Three requisites

Equally silly are the writers who choose hackneyed topics that have been discussed and worn threadbare years ago. Such is the writer who offers a series of twelve Papers on the Higher Education of Women, or Woman’s Suffrage, or the Poetry of Wordsworth. The Papers that find favour with Editors must first be fresh as regards Subject, second, be fresh as regards Style, third, fresh as regards Idea. The writer who possesses this triple gift, requires no further hints to tell him how and where to succeed. Success with him is a certainty.

What not to do

Perhaps the best way to emphasise the above remarks is to tell my readers what to do and what not to do.

Do not send an article to a magazine until you have first looked through at least one of its numbers; carefully observe its tone, try to gather for yourself what its motive is, and to what sort of public it appeals. If after a short or a long perusal you discover that you and it are not in touch—that its scope is too wide for you, or your thoughts are too big for its limits, leave it alone, and try your luck somewhere else.

When you write, don’t fly too high. Get a subject into your head and feel that, small as this subject may be, you have something either useful or amusing to say about it.

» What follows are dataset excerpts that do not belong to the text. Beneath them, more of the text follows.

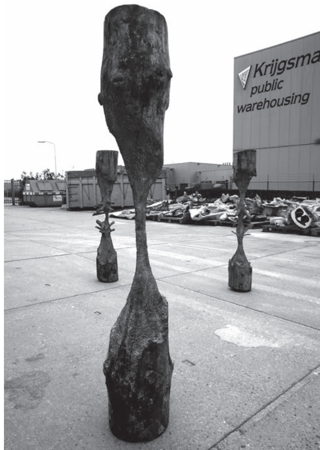
Scolpire il Tempo , 2010. Bronzo, 3 elementi, dimensioni varie.

L'opera viene ulteriormente elaborata da un punto di vista formale dall'artista, che produce due esemplari identici in cera e li unisce in maniera speculare, creando poi una scultura in bronzo con il procedimento della fusione a cera persa. Il titolo del lavoro fa riferimento alla caratteristica forma ottenuta dalla composizione simmetrica dei due elementi e richiama lo scorrere del tempo, inteso da Andreotta Calò come elemento scultoreo e materia da plasmare. In riferimento a questa tematica, tre delle opere della serie esposte in mostra costituiscono il trittico Scolpire il Tempo (2010), il cui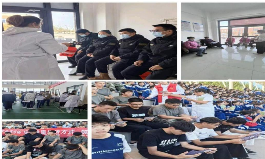
图 6-4 以“医”护“育”

职校持续构建“预防为主、防控结合”的健康安全工作体系，以多元宣传、精准防控和全面筛查为抓手，全力守护师生健康。在宣传教育方面，创新运用校园广播、专题讲座、电子大屏等载体，系统普及健康知识；全年开展培训 17 场次，包括疾控专家开展的传染病预防及无烟日主题培训 3 次、线上师生宣传 10 次，以及健康生活方式、蚊媒传染、心肺复苏与急救等专项培训 4 次，实现健康教育全覆盖。在传染病防控工作中坚持预防为先的原则，针对传染病易发季节，每日 2 次重点区域消杀，面向教官、门岗、保洁及商铺人员开展消毒液配比培训 20 次，落实流感每日监测与缺课上报制度，确保风险早发现、早处置。在健康保障方面，完成 810 名新生结核筛查、796 名新生常规体检及 264 名学生常见病筛查，推动麻腮风疫苗接种 96 人、HPV 疫苗接种 110 人，并新增 3 台 AED 设备，切实筑牢校园免疫屏障与应急救护能力，为师生营造安全、安心的学习生活环境。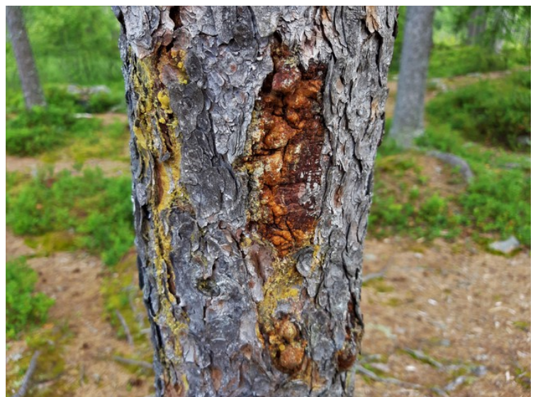
Hakkespetten har vært her i dette mørkne treet.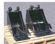
▲ 左: 幅狭バケット 右: 標準バケット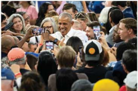
အာရိန်းနားပြည်နယ် တပ်ဆွန်မြို့တွင် အောက်တိုဘာ ၁၈ ရက်က ဒီမိုကရက်တစ်သမ္မတလောင်း ကာမာလာဟဲလ်စ်အတွက် မဲဆွယ်စည်းရုံးပေးနေသော သမ္မတဟောင်း ဘားရက်အိုဘားမားကို တွေ့ရစဉ်။ Mon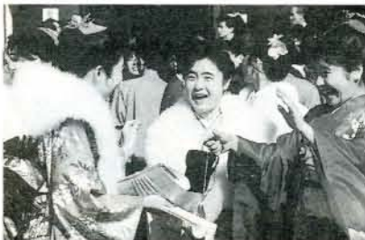
ひさしぶりの再会に胸も踊ります。

これまで学生として、両親、また、ほかの方々にお世話になってまいりましたが、これからは社会の一員として責任を持って行動し、少しでも周囲の方々の力になれるよう努力していきたいと思えます。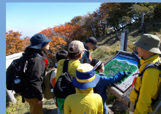
剣山をフィールドとした環境学習・山歩き講座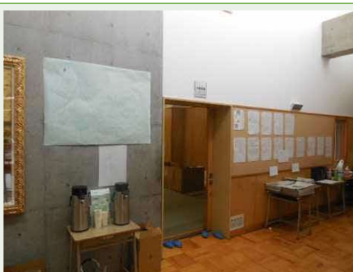
居住スペース・中央扉の奥(9/9)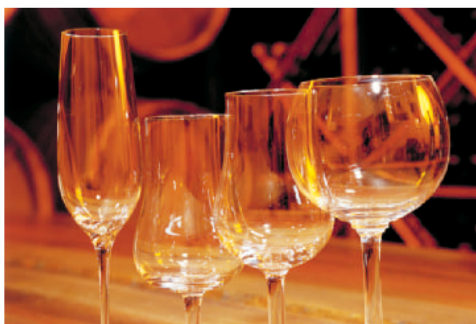
Jatkuva, liiallinen alkoholin käyttö on sairaus.

Yhteiskunnassamme on vallitsevana asenteellinen ajattelu ja juomisen mahdollistava toimintakulttuuri. Salailulla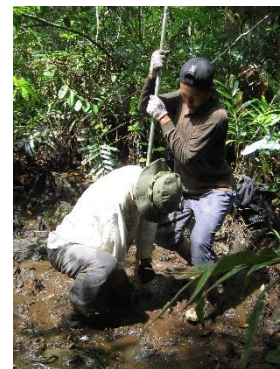
泥炭地水位のモニタリング風景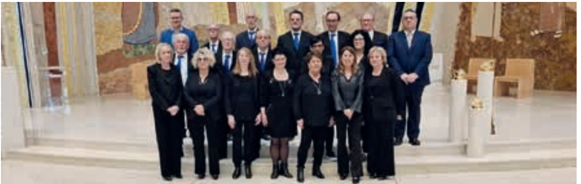
Coro San Pietro di Rosà (VI)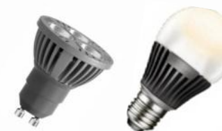
③ Lampes à L.E.D.

Do not write a poem on April, and send it for insertion in the April number of a magazine on the day that number issues from the press. This has been a constant experience in my Editorial life. Try to remember, if you know it already, and try to learn the fact if you do not, that magazines take a certain number of days to print, and that, as a rule, the number is practically made up weeks, and sometimes months before publication.

False humility

When you offer a contribution to sin Editor, do not have resource to a sort of false humility, which some writers are fond of adopting. For instance, I have received letters with offers of verses which the writer deprecates as “unworthy of publication, and only fit for the waste-paper basket,” nevertheless, I am expected to read them, and give a critical opinion, because the friends of the writer in question have urged him or her as the case may be, to forward them. This false humility is always prejudicial to the would-be contributor.